Officials at Great Lakes Ports Uganda Limited said the project will be carried out in three phases. The earthworks alone, budgeted at $34 million, have already commenced at the eastern Uganda border town of Malaba.
Sources said the project had delayed by two years due to opposition from freighters. They were, however, optimistic those opposing the project were 'just chasing the wind,' as no beneficiary stakeholders were complaining.
Last Thursday, a judge of the Commercial Court Division, Justice Anup Singh Choudry, adjourned for the second time an application by Great Lakes Ports against the Attorney General and others to June 23, 2009.
Justice Choudry asked Enos Tumusiime the lawyer for Uganda Inland Port Limited to file proper applications for contempt of court after Tumusiime told court that Great Lakes had defied a court order and gone ahead to construct the inland dry port at Tororo instead of giving way for another planned inland port at Namanve in Greater Kampala.
Legal sources said Tumusiime had made a faulty extraction of an order by the same court in an earlier ruling. On October 15, 2007 Justice Yorokamu Bamwine had ordered that the contract for the construction of Tororo Inland Port won by Great Lakes CFS Limited be cancelled and the competent authority, the Public Procurement and Disposal of Public Assets Authority (PPDA) proceeds with the tender process according to the law.

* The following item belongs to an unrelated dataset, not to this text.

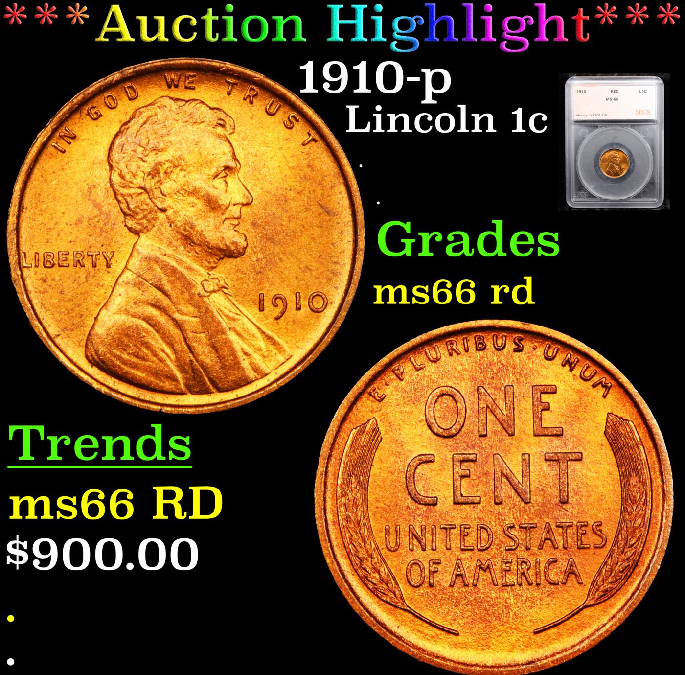 ***Auction Highlight*** 1910-p Lincoln Cent 1c Graded ms66 rd By SEGS. A Corey's Pick, Bid to Win, Don't let it get Away Coin
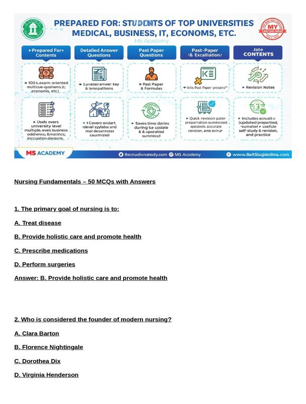 NURSING FUNDAMENTALS – 50 MCQS WITH ANSWERS $10.00 Add to Cart

Thereafter, the PPDA took up the matter and when the tender was put up, only Great Lakes Ports Uganda Limited which was its new name participated and won the bid. It was after this second winning of tender that Uganda Inland Port made applications calling for halt of the new tender.
Officials at Great Lakes last week intimated they will go ahead with the construction as no-one has right to stop them from developing their land.
Last Thursday, Tumusiime failed to convince the judge that there was nothing new in the situation after Bamwine's judgment and that Great Lakes had delayed to put in the applications, going beyond the 10 days ordered. Choudry observed that holidays which fell in those 10 days had to be compensated.